By shifting the interpretation of gender-based violence from the micro to macro level, feminist movements enhance the motivational function, by building forms of emotional resonance. The master frame provides and emotional trigger for mobilization by emphasizing collective reasons in addressing structural violence. Motivational frames often highlight the urgency of systemic change, creating resonance with participants by showing how structural inequality impacts their lives directly. As an example, the simplicity and accessibility of the slogan “Non Una di Meno” (Not One Woman Less) allowed participants to see themselves as part of the struggle and created a sense of shared belonging and willingness for change.
Structural gender-based violence as a master frame extends beyond diagnosis and motivational frames by articulating solutions that challenge systemic roots of violence. Thus, feminist movements are not calling to policy-oriented solutions, but rather to solutions that seek to address prevention and protection through a social and political change at all levels of society. These solutions include economic autonomy (e.g., self-determination income), cultural shifts, and the reformation of legal and social institutions. As an example, NUDM repeatedly calls for comprehensive education about gender and increased public funding for anti-violence centers. Since gender-based violence is nurtured by a culture of abuse, rather than a culture of consent, only by education from early age to different relationship styles, society can change and violence can be eradicated.
Empirical evidences have been presented in the paper about the connection between the adoption of the structural gender-based violence master frame with the global resurgence of feminist mobilizations since 2016. As Snow and Benford (1992) argue: “framing activity and the resultant ideational webs that some movements spin or that emerge from the coalesce of collective action can also be crucial to the emergence and course of cycle of protest” (p. 142). In the case of structural gender-based violence, this paper emphasizes the role of the master frame in linking local and global issues, facilitating transnational solidarity while remaining adaptable to specific contexts. As an example, this master frame traveled from Argentina to European countries, fostering a new wave of mobilizations around the issue of gender-based violence. This frame unifies diverse struggles across geographies and forms of inequality, from labor rights to reproductive freedom.
As found in the empirical analysis, the master frame meets the criteria of resonance, such as empirical credibility, experiential commensurability, and narrative fidelity. Empirical credibility is rooted in statistics on rates of gender-based violence and numbers of femicide, while narrative fidelity resonates with lived experiences of violence and inequality. These findings demonstrate how this resonance has enabled mass mobilizations in Italy and globally, showing the mobilizing potency of the structural gender-based violence master frame.

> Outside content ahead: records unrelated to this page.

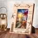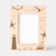 Marco de imagen cubierto con un diseño náutico con velero, gaviota, faro y pez estrella. Hermoso para una casa de playa. Por ejemplo, puede agregar una foto del personalizado o información de alquiler.
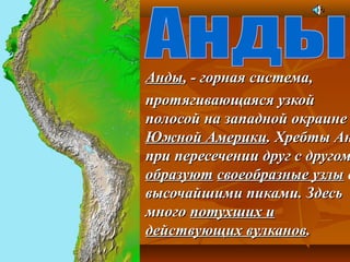 Анды – самая длинная и высокая горная система на Земле, протянувшаяся на 9000 км вдоль западной окраины Южной Америки. Они служат важным климатическим барьером, разделяющим воздействие Атлантического и Тихого океанов, и являются местом обитания множества видов флоры и фауны. Разнообразие природных ресурсов, включая полезные ископаемые и уникальные экосистемы, делает Анд важной областью для горнодобывающей промышленности.
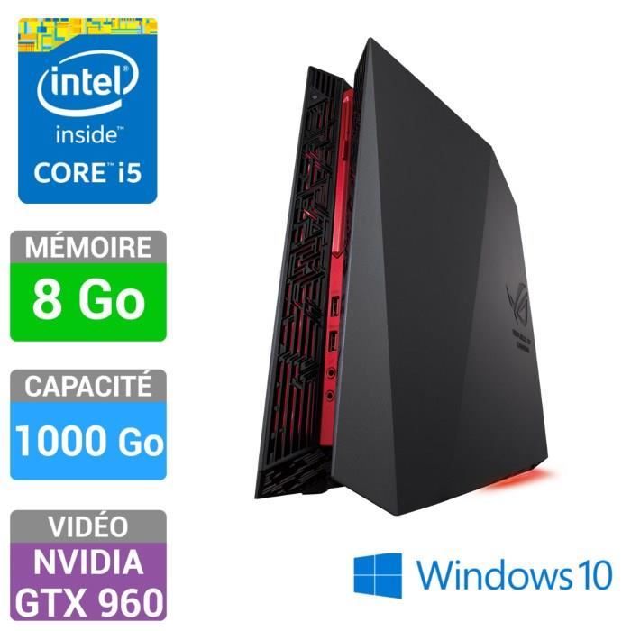 Ordinateur de bureau Republic Of Gamers - Processeur Intel® Core? i5-6400 - Mémoire 8Go - Stockage 1000Go 7200rpm - NVIDIA GeForce GTX960 2Go dédiés - Graveur DVD - Clavier AZERTY et Souris filaires Gaming - Windows 10 - Garantie 1 an
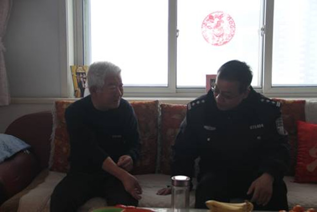 2018年1月9日上午,张家口市森林公安局宣化分局程永成局长率政治处工作人员,代表分局到该局已退休老民警武佩有家中进行看望并慰问,同时为其带去了米、面、油等慰问品。

To conclude, diagnostic, motivational, and prognostic frames contribute to the production of structural gender-based violence as a master frame. Through the empirical analysis, the paper argues for the master frame's broad applicability, emotional resonance, and actionable solutions that have been instrumental in generating the current cycle of feminist protest. While the reframing of gender-based violence as a structure was the result of a long history of feminist fights in the country, the Non Una Di Meno movement took a step further by managing to adopt violence as a master frame to go beyond the structural diagnosis. Indeed, violence as a master frame has become an innovative lens to give meaning to different fights, which were not originally connected to the fight against violence.
Conclusions
Gender-based violence has been an important focus of feminist mobilizations for decades (Bandelli, 2017; Gago, 2020; Krizsán and Roggeband, 2017; Pietrobelli et al., 2020). However, since 2015, there has been a noticeable increase in the intensity and spread of these mobilizations globally, and since 2016 in Italy (Barone and Bonu, 2022; de Souza and Rodrigues Selis, 2022). What explains the seemingly sudden rise of this new wave of feminist protests? Why did large-scale mobilizations begin only after 2015, even though the conditions for them already existed—such as the economic crisis, the rise of anti-gender movements, the populist turn, the worsening effects of neoliberal policies, ongoing rates of femicides and domestic violence, and persistent gender inequalities?

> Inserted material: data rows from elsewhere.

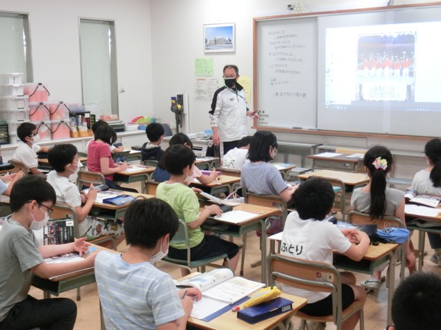 校庭が工事の期間、5・6年生は天沼中学校のグラウンドを借りて体育をしています。今日は6年生が天沼中で体育をしていました。青空の下、広々とした校庭で直線50mを走るのは気持ちよさそうです。
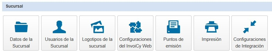 El menú Sucursal permite gestionar toda la configuración y los datos específicos de cada sucursal registrada en InvoiCy. Este menú contiene los íconos de acceso a las distintas pantallas, como se muestra en la figura a continuación.
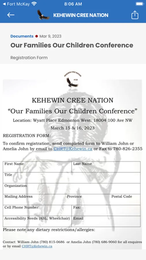 Users can utilize native iOS functionality to quickly and easily add posted events to their device calendar with one tap, as well as receive push notifications. Connect directly to the Band Office — submit requests, information, and questions that will be associated with your user account; make your voice heard! Authorize or reject documents sent by the Band Office, and issue corrections.
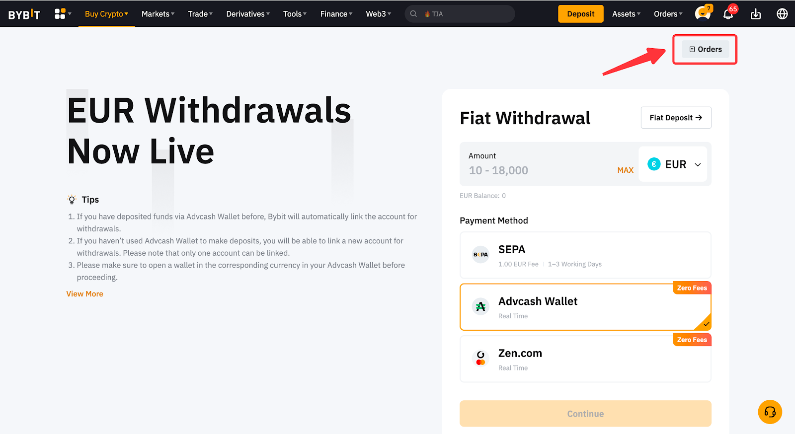 Чтобы открыть историю выводов, перейдите в раздел Ордера в правой верхней части навигационной панели на сайте Bybit.

This paper argues that the concept of structural gender-based violence as a master frame helps explain this new wave of feminist mobilization. While feminist movements had long engaged with gender-based violence, they previously lacked a cohesive, unified, and resonant master frame capable of effectively diffusing their claims and amplifying their mobilizing potential. Non Una Di Meno represents a distinctive case in how it consolidated this framing into a unifying and mobilizing master frame. Drawing inspiration from Latin American movements such as Ni Una Menos, NUDM embedded this structural understanding within the Italian context, marked by institutional inertia, punitive policy responses, and persistent gender inequalities. Its success lies not in the novelty of the frame itself, but in its capacity to activate transnational resonances while grounding them in localized struggles, thereby fostering a broad and sustained cycle of feminist protest. The adoption of structural gender-based violence as a master frame created a unifying framework that galvanized collective action and reshaped the feminist agenda.

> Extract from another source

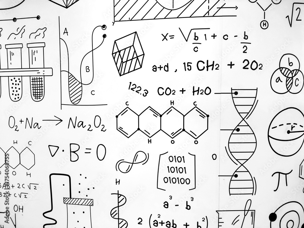 The whiteboard contains various mathematical formulas, scientific diagrams and equations hand-drawn with black marker. Education concept
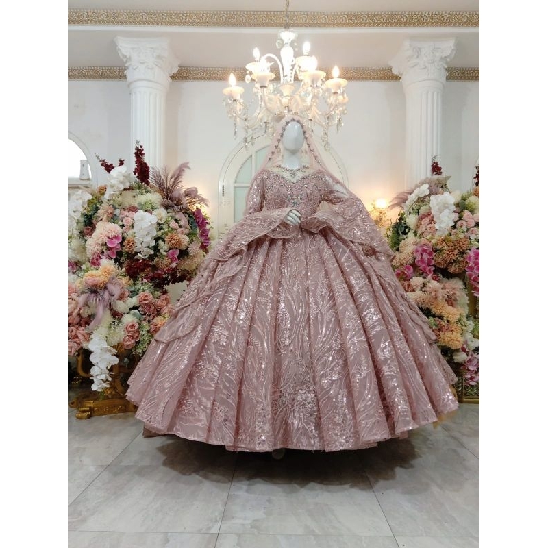 DI DESAINS, DAN DI MODIS MENGIKUT KELAS MODERN MASA KINI GAUN MEKAR 3IN. 1 TERBARU SATU GAUN BISA 2 -3MODEL BAHAN GAUN SEQUIN SPANGLE CRINOLIN PREMIUN

Thus, this paper has examined the re-framing of gender-based violence as a structural problem from the point of view of feminist movements in Italy. Research on discourses and frames about gender-based violence in the country has predominantly focused on the role of the media (Busso et al., 2020; Capecchi and Gius, 2023; Giomi and Tonello, 2013). However, research on social movements has highlighted the role that movements play in re-defining social problems (Benford and Snow, 2000; della Porta, 2015, 2013; Melucci, 1989; Touraine, 1975). The case we have analyzed shows how the feminist movement in Italy has re-framed gender-based violence, going against existing public discourses which have generally interpreted this phenomenon in individualizing terms, often downplaying the political and gendered dimension of violence through an exceptionalist gaze. This effort, through specific diagnostic, motivational and prognostic framing processes, enabled the creation of a master frame, that enhanced the mobilizing potency of feminist movements.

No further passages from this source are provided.